Source data
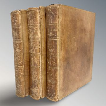 Hutchinson, William F.A.S. : The History and Antiquities of the County Palatine of Durham, volumes I, II & III, published Newcastle 1785, full leather binding. (3)
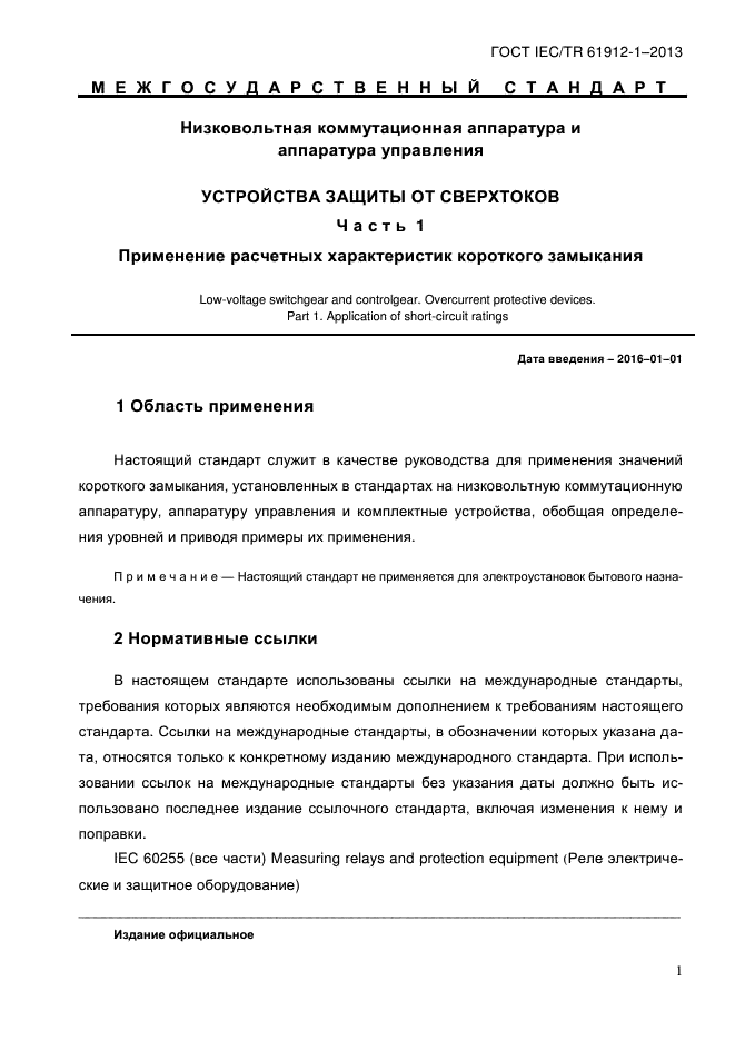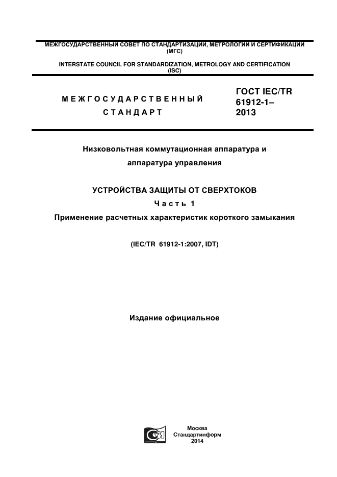 | Название англ.: | Low-voltage switchgear and controlgear. Overcurrent protective devices. Part 1. Application of short-circuit ratings |
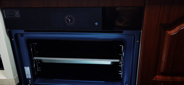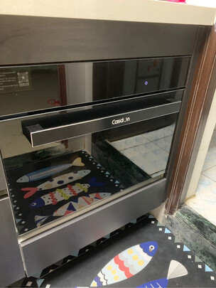 此用户未填写评价内容首先包装很用心,见过的最厚的纸箱,每一个可能会因运输颠簸而移动的位置都做了很好的防护,防止移动和刮擦,比如拉门、加热管、水盒。包装内带了质量很好的橘色隔热手套、说明书、智能菜单书、两种带不沾涂层的隔盘和一个竖条网隔。外观设计点赞,很简约时尚上档次,哑光漆的蓝色外观搭配黑色面板、大小一致的圆角方块触摸按键、免拉手的下翻玻璃门、按键的布局都很漂亮,拉下拉门就能看到几十个智能菜单。做工用料很棒。接缝处缝隙较小。能看得出来内胆是等级很高的纯不锈钢,很容易清理。双层褐色的玻璃很大气,最大限度的做到了可视和隔热。操作简便,操作逻辑清晰。长按??暂停按键开机-选**能-设定温度时间-再按??暂停键开始工作。选中的按键会比其他按键更亮,但是其他未选中的按键也很亮,对比不是十分的明显,这点有改进空间。接水盒的卡槽可以设计得更容易插拔,卡槽靠里,往里装的时候需要摸索孔位在哪,不是十分快速。另外接水槽也比较浅,深度小了一点。缺点都无伤大雅,并不很影响使用体验。推荐同学们购买!
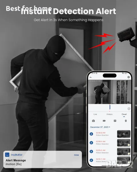 [Защитете поверителността си]: MUBVIEW wifi камерата предлага безплатна 7-дневна циклична услуга за запис в облака, но можете да записвате и на SD карта. Записаните видеоклипове са защитени от уникална технология за криптиране и могат да бъдат гледани само от вас и оторизирани лица.
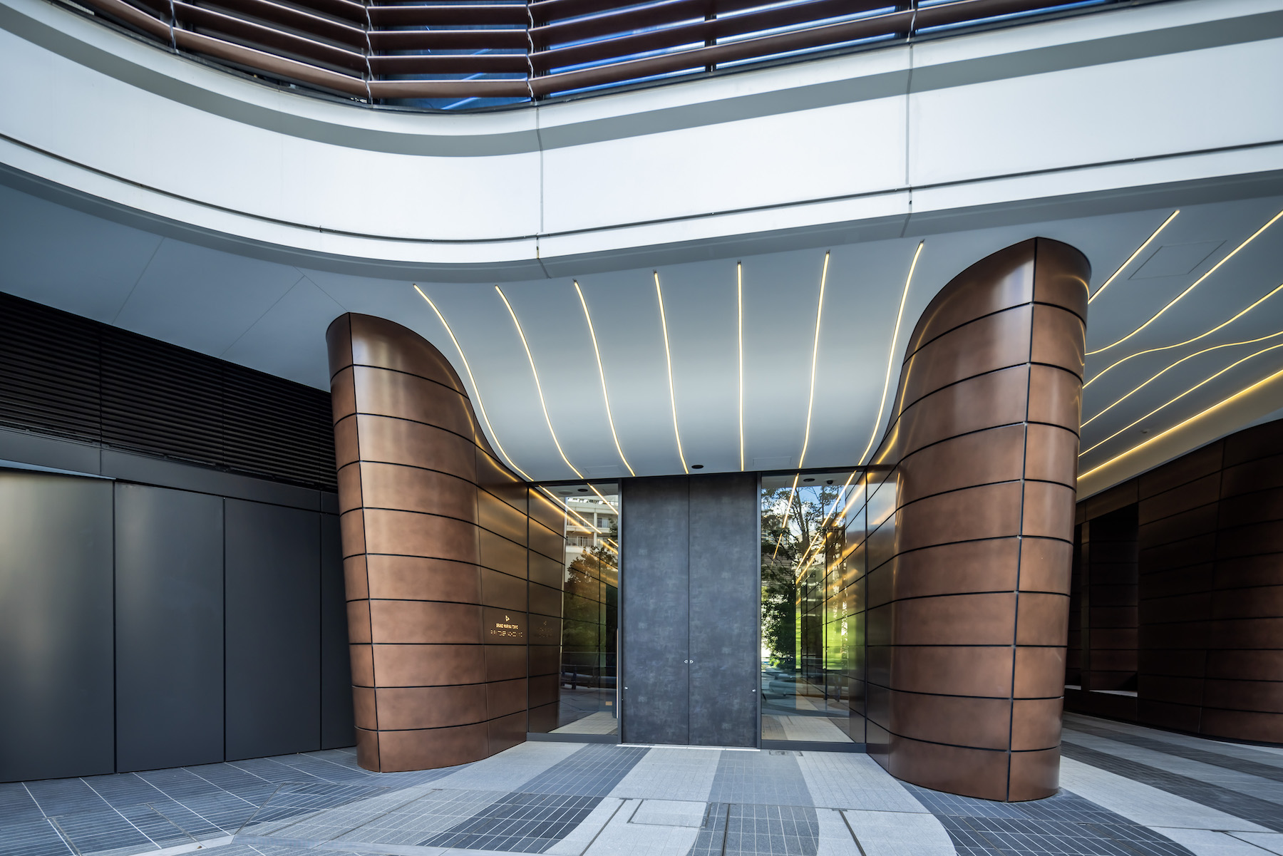 「アイランド」をデザインしたメトロパビリオンの地下は、海中をイメージした駅通路入口となっている。「勝どき」駅とつながる地下通路から雨風の影響を受けることなく、住まう方をエントランスへ導く。
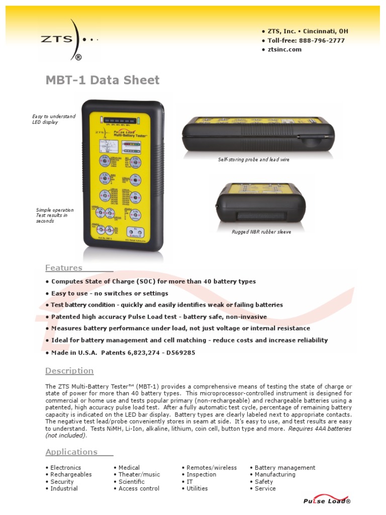 The ZTS Multi-Battery Tester (MBT-1) provides a comprehensive means of testing the state of charge or
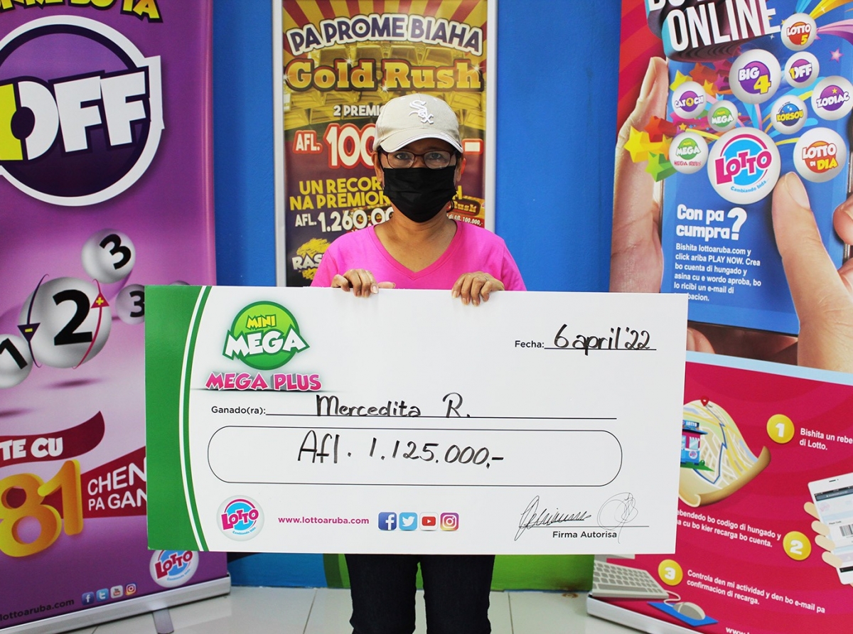 Señora Mercedita a bay cobra su premio di 1.125.000 Florin di Mini Mega
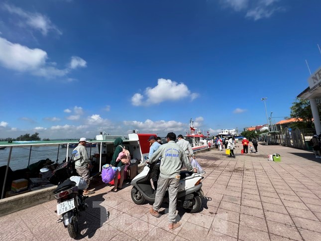 Hành khách qua cảng Bến Đình tại Lý Sơn để vào lại đất liền
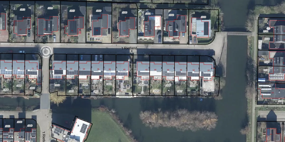 Het perceel waarop 't Rietland 42 staat heeft een oppervlakte van 340 m². Dit is een groot perceel. De perceeloppervlakte wordt geregistreerd door het Kadaster. Gedetailleerde informatie over de maten van dit perceel kunt u vinden in het rapport Kadastrale kaart met maatvoering van 't Rietland 42.
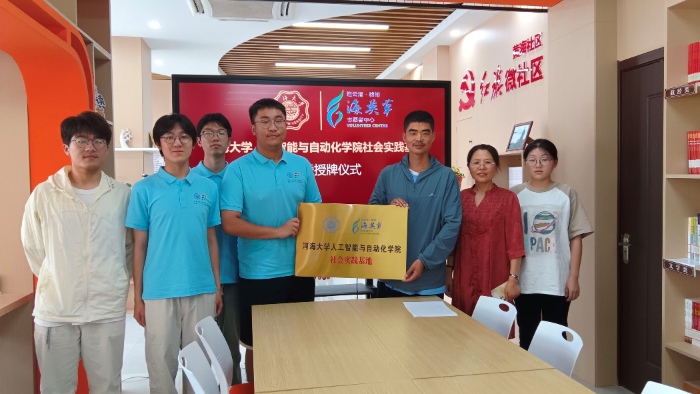 最后,河海大學人工智能與自動化學院與海英草志愿者中心正式簽署合作協(xié)議,并舉行授牌儀式。紅綢揭下的瞬間,全場響起持久掌聲。實踐團成員與志愿者中心工作人員合影留念,鏡頭定格了笑容與期待。
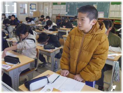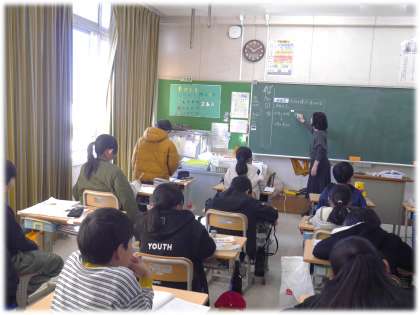 5年3組の様子です。平均の考え方を使って、歩幅を求める方法を考え合っていました。立式の意味を説明する場面では、友達の疑問のつぶやきにも反応して、丁寧に意味を説明する姿が見られました。仲間の疑問をみんなで解決しようとする5年生がすてきです。
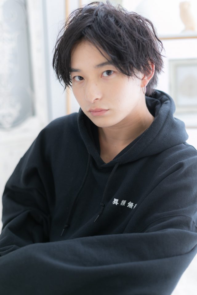 重めスタイルに見えがちな黒髪センターパートはくせ毛風パーマでラフな動きをつけてトップにボリュームを。かき上げヘアでスッキリ見せたり、ビジネスシーンではワイルドアップバングもGOOD。カタログでも人気!(メイク担当:北浦和店 棟方)
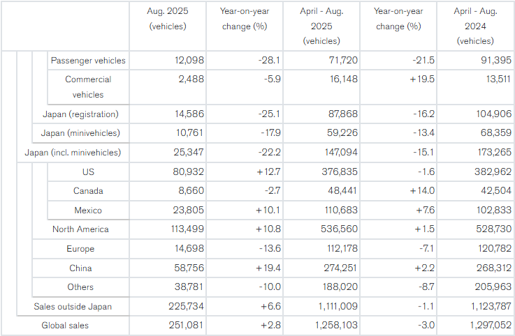 En el octavo mes, la compañía japonesa vendió 251,081 unidades, teniendo un crecimiento de 2.8%. Las ventas ultramar crecieron 6.6% con 225,734 unidades. Siendo China en donde más crecieron con 19.4% y 58,756 unidades vendidas, mientras que en Estados Unidos sus ventas crecieron 12.7% con 80,932 unidades, en México las ventas crecieron 10.1% con 23,805 unidades. Por el contario, sus ventas en Europa cayeron 13.6% con 14,698 unidades y en el resto de sus mercados las ventas cayeron 10.0%.
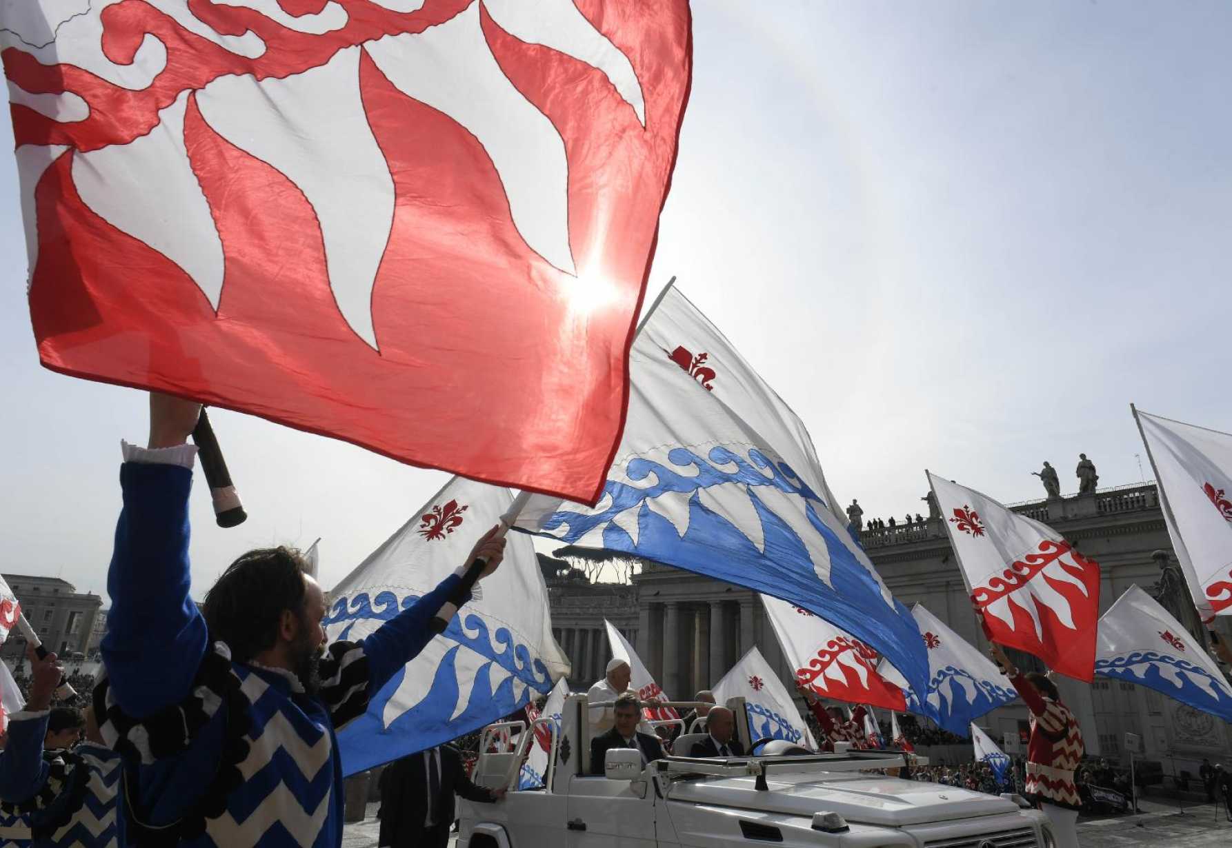 Pope Francis rides in his popemobile which passes by a group of traditional flag twirlers during his general audience in St. Peter's Square at the Vatican March 22, 2023. (CNS photo/Vatican Media)
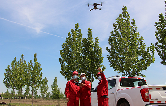 華北油田儲(chǔ)氣庫員工利用無人機(jī)巡查管線。 賈艷娜攝
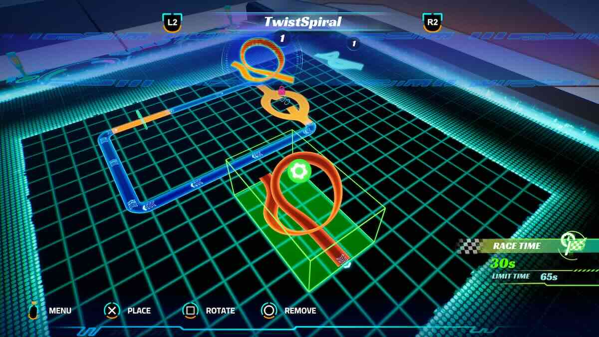 Из уникальных механик здесь редактор трассы. Можно не только создать свой трек, но и модифицировать уже имеющиеся. Перед началом заезда нужно выбрать элемент трассы, который будет интегрирован. Меняет ли это как-то ощущения от игры? В теории должно, но на деле особых отличий не замечаешь.
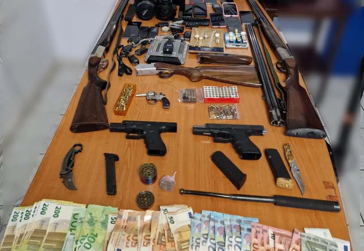 Συνολικά, από τις έρευνες που έγιναν σε σπίτια και λοιπούς χώρους αποθήκευσης κλοπιμαίων βρέθηκαν –μεταξύ άλλων- και κατασχέθηκαν 39 κινητά τηλέφωνα, όπλα, φυσίγγια, κάνναβη, αναδιπλώμενα σουγιάδες, γκλοπ, 3 μοτοσυκλέτες και
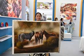 На торгово-инвестиционной ярмарке в Китае 19-летняя кыргызстанка Айгуль Усубалиева представила свою живопись, украшения и платки ручной работы. Об этом сообщили в Министерстве экономики и коммерции.
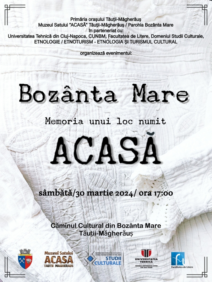 Sâmbătă, 30 martie, de la ora 17.00, Căminul Cultural din Bozânta Mare (Tăuții Măgherăuș) va găzdui evenimentul „Bozânta Mare – momoria unui loc numit ACASĂ”.
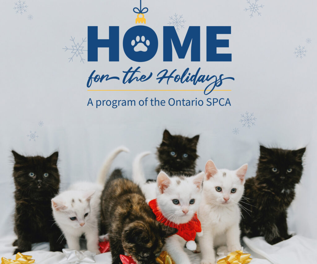 The holidays are a time of warmth, compassion, and togetherness. At the Ontario SPCA and Humane Society, it’s our favourite time of year to help animals find the loving families they’ve been dreaming of. That’s why we’re excited to launch our Home for the Holidays adoption campaign, running now until Dec. 24!
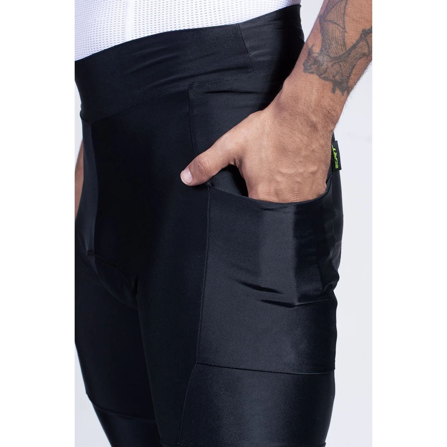 Outro destaque são os dois bolsos laterais nas pernas, discretos e funcionais, que permitem carregar itens essenciais com praticidade durante o pedal.
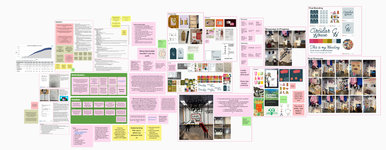 This project was developed through an extensive research and ideation process that combined systems thinking, material experimentation, and speculative world-building. I began by investigating the environmental impact of textile waste, fast fashion, and global export systems, using data, articles, and visual research to understand the scale of the issue.
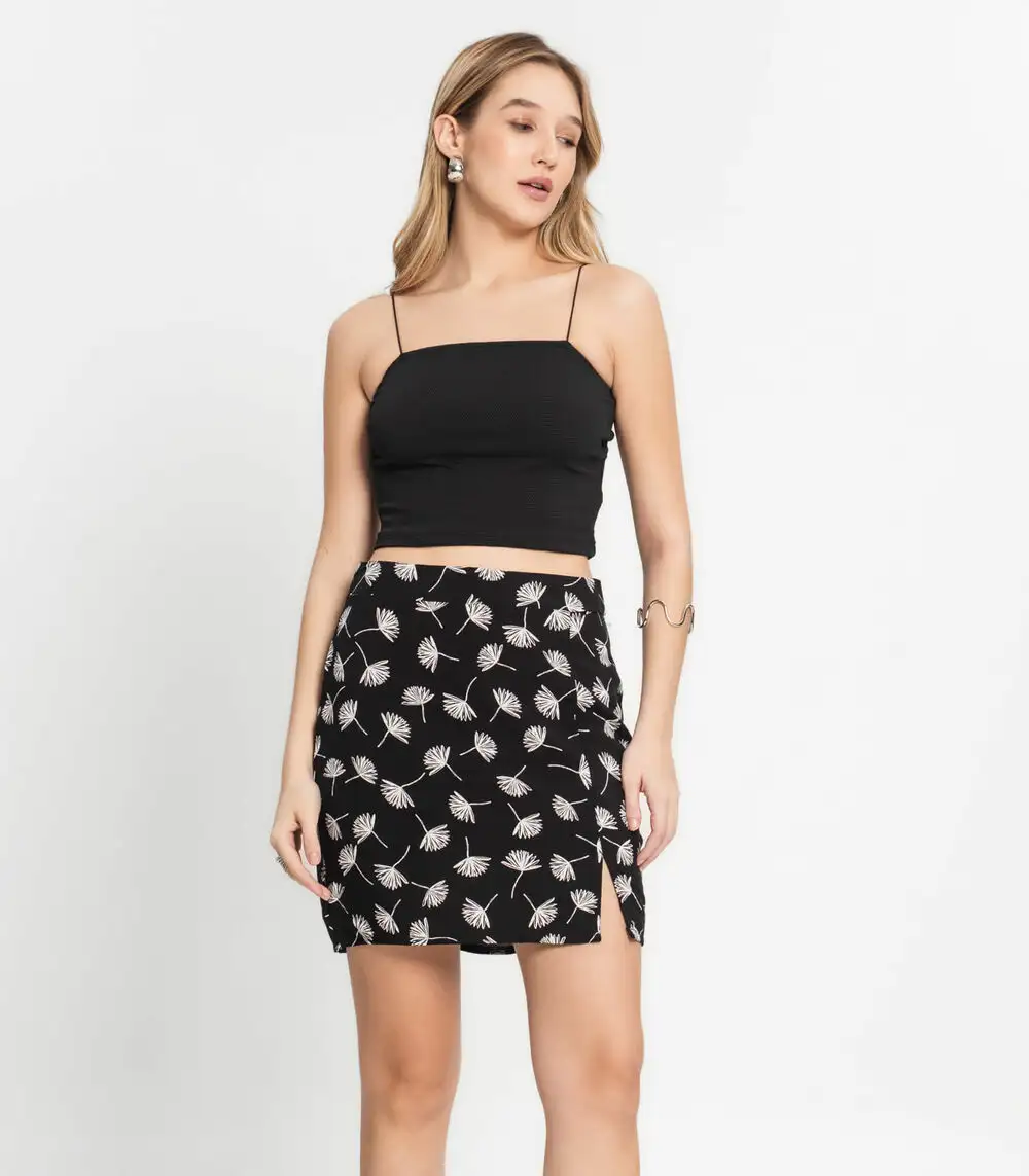 Conjunto Feminino Saia Estampada e Cropped Select Preto

Assignment
In the answer, set down only the lines from the opening line of the listing through the line that holds "此用户未填写评价内容首先包装", exactly as they appear, minus the pictures.

Task answer
 Hutchinson, William F.A.S. : The History and Antiquities of the County Palatine of Durham, volumes I, II & III, published Newcastle 1785, full leather binding. (3)
 | Название англ.: | Low-voltage switchgear and controlgear. Overcurrent protective devices. Part 1. Application of short-circuit ratings |
 此用户未填写评价内容首先包装很用心,见过的最厚的纸箱,每一个可能会因运输颠簸而移动的位置都做了很好的防护,防止移动和刮擦,比如拉门、加热管、水盒。包装内带了质量很好的橘色隔热手套、说明书、智能菜单书、两种带不沾涂层的隔盘和一个竖条网隔。外观设计点赞,很简约时尚上档次,哑光漆的蓝色外观搭配黑色面板、大小一致的圆角方块触摸按键、免拉手的下翻玻璃门、按键的布局都很漂亮,拉下拉门就能看到几十个智能菜单。做工用料很棒。接缝处缝隙较小。能看得出来内胆是等级很高的纯不锈钢,很容易清理。双层褐色的玻璃很大气,最大限度的做到了可视和隔热。操作简便,操作逻辑清晰。长按??暂停按键开机-选**能-设定温度时间-再按??暂停键开始工作。选中的按键会比其他按键更亮,但是其他未选中的按键也很亮,对比不是十分的明显,这点有改进空间。接水盒的卡槽可以设计得更容易插拔,卡槽靠里,往里装的时候需要摸索孔位在哪,不是十分快速。另外接水槽也比较浅,深度小了一点。缺点都无伤大雅,并不很影响使用体验。推荐同学们购买!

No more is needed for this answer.